The Association of Women for Action and Research (Aware) said on Monday (Aug 21) it shared the public's concerns that a candidate who has a history of objectifying women has been cleared to participate in the presidential election.

The gender equality group said that consistently posting about "pretty girls", recording videos of women in public without their consent or commenting about their appearance reduces them solely to their appearances for personal entertainment, and suggests that it is acceptable to trivialise women.

In a Facebook post on Tuesday (Aug 22), Tan's daughter, Tan Su Ling, said that Aware's Facebook post is "a bit overblown".
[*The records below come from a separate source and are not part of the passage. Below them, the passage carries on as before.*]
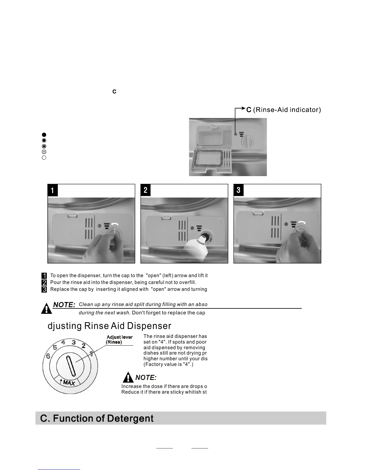 during the next wash. Don't forget to replace the cap before you close dishwasher door.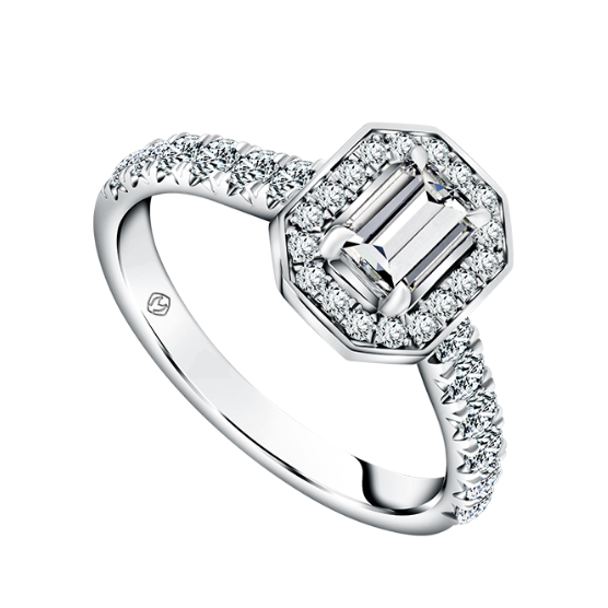 Selain tatahan pear-shaped, berlian dengan potongan emerald juga favorit jadi pilihan. MONDIAL memiliki koleksi cincin tunangan dengan tatahan berlian potongan emerald. Berlian bentuk emerald memancarkan kesan elegan dan makna simbol hati yang terbuka dan bersahaja. Desain cincin tunangan ini berbalut white gold dan dilengkapi dengan tatahan berlian emerald F VVS.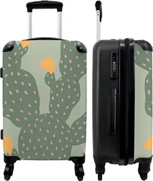 NoBoringSuitcases.com® Koffer groß Trolley Rollkoffer Reisekoffer mit 4 Rollen Fotokoffer - Kaktus - Grün - Natur - Gelb - 67x43x25cm - 90 Liter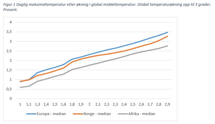 Når den globale gjennomsnittstemperaturen stiger med tre grader, vil forventet maksimaltemperatur vokse om lag like mye. Men det er forskjell mellom regioner, se figur 1. Maksimaltemperaturen er ventet å stige noe mer i Norge og Europa enn i Afrika – som allerede har høyere temperatur.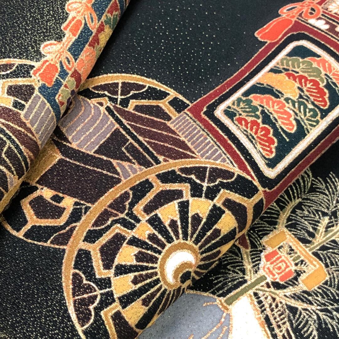 鉾に花草模様がデザインされた雰囲気の良い素敵な柄裄のお品でございます。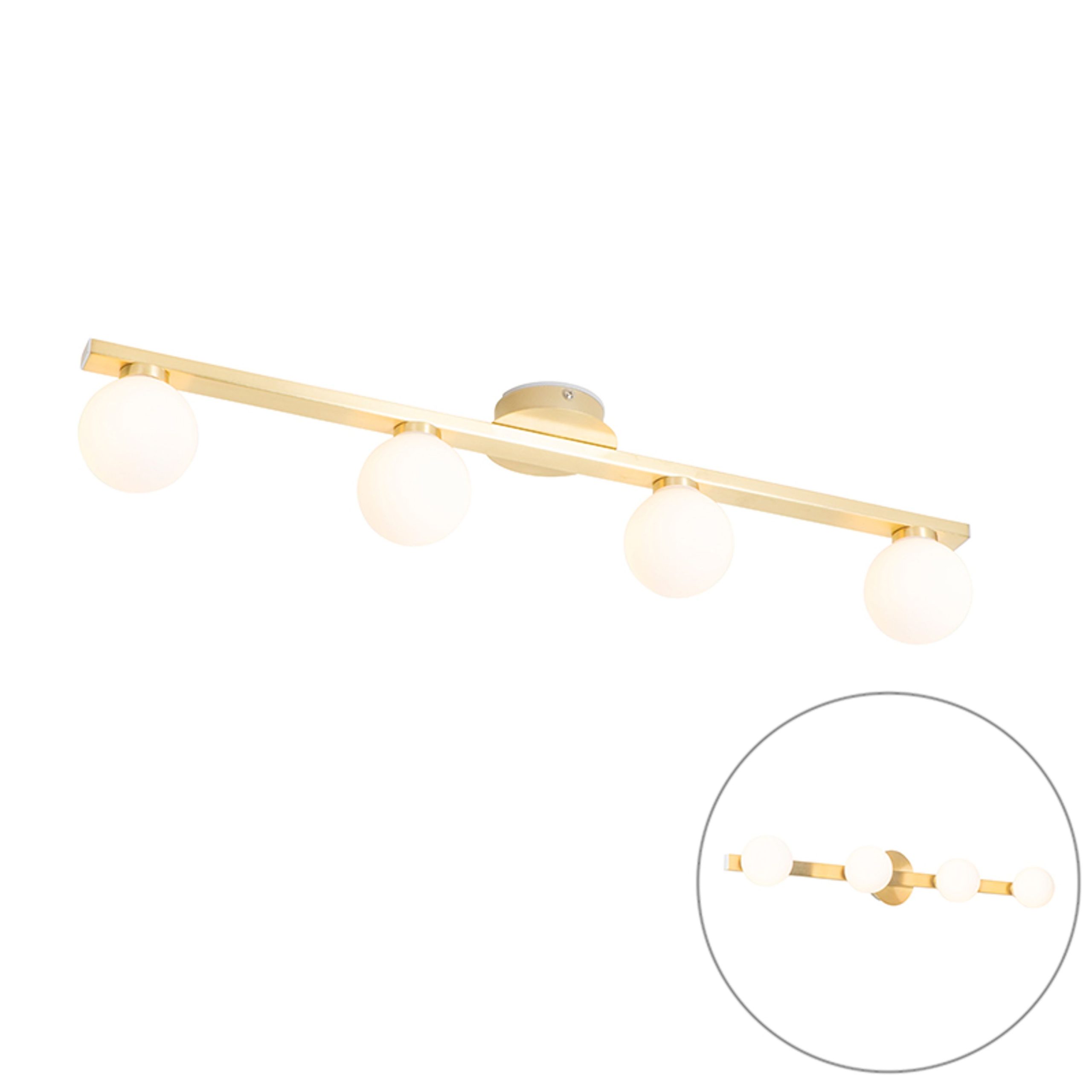 This large Ceiling Light will draw attention in your bathroom. Who ever said a bathroom has to be boring? Cederic is not only functional, but also very beautiful. Cederic is a gold-coloured, steel Ceiling Light with glass and has 4 light points. It has a height of 13 cm, a length of 68 cm and a width of 10 cm. The mounting plate has a diameter of 10 cm and a height of 3 cm. The light sources are exclusive, so be sure to order four light sources with a G9 fitting (max. 28 watts). Thanks to the high IP rating of IP44, they can withstand a splash of water and can therefore also be used in the bathroom. It is dimmable with an external dimmer (not included), so it is suitable for any purpose. Excluding cord and plug. Would you like to have this chic ceiling light illuminate your bathroom soon?
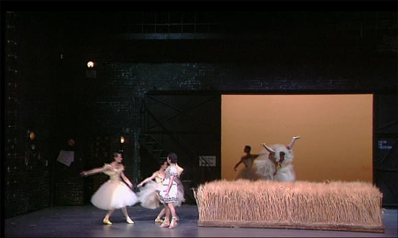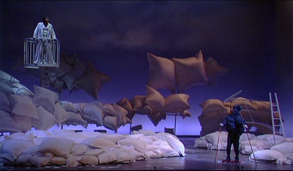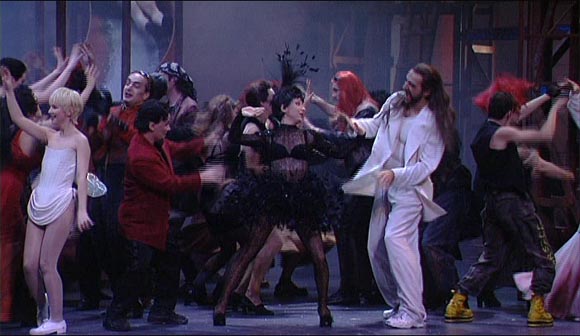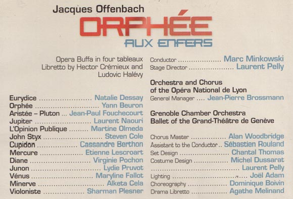 After the hours of discussion about what Lee Blakeney really meant in his COC Les Contes d’Hoffmann a little light relief seemed called for. Fortuitously I had just got my hands on the 1997 Opéra National de Lyon recording of Offenbach’s Orphée aux Enfers so I thought that might do the trick. I was dead right. The production by Laurent Pelly is an absolute hoot (or, to quote young British mezzo, Emilie Renard “FILTHY!”). The high speed, somewhat surreal production is brilliantly executed by a predominantly French cast including Natalie Dessay as Eurydice and Laurent Naouri as Jupiter. There’s so much going on that it would be tedious to provide a full description. Highlights include Ms. Dessay’s typical party trick of singing fiendish coloratura while performing demanding physical moves, her trademark “loudest scream on an opera stage”, Pluton (Jean-Paul Fourchecourt) dancing in snow shoes, an Olympus that most closely resembles the Smut Puddle at a Burner party, some unusual unisex choreography brilliantly danced by the dancers of the Ballet-Théatre de Genève and, not least, Laurent Naouri, dressed as a fly, orally stimulating Ms. Dessay to a very loud climax. The screen caps at the end of this post will give you a better idea. It’s fast, it’s funny, it’s vulgar and it’s terrific fun. The whole thing is carried along by appropriately lively and idiomatic musical direction from Marc Minkowski with the Orchestra and Chorus of the Opéra National de Lyon and the Grenoble Chamber Orchestra. Full cast listing below:

Describing herself as a mother to two daughters, the 49-year-old Su Ling said: "I do not think that a light-hearted compliment given to a good looking person, whether a man or a woman, should ever be equated to 'objectifying' them.

"I believe that women should have the confidence to reject the simplistic notion that a compliment on their looks trivialises them, overlooks their myriad abilities and contributions' and reduces them solely to their appearances for personal entertainment."


In the doorstop interview on the same day, Tan said that he wants to ask Aware what the issue is.

"I did say there are some pretty girls, but the pretty girls take the effort to dress up to be attractive," he added. "And when I say that they are attractive, most of them actually feel quite happy. I don't know why somebody would want to use that as a negative ploy."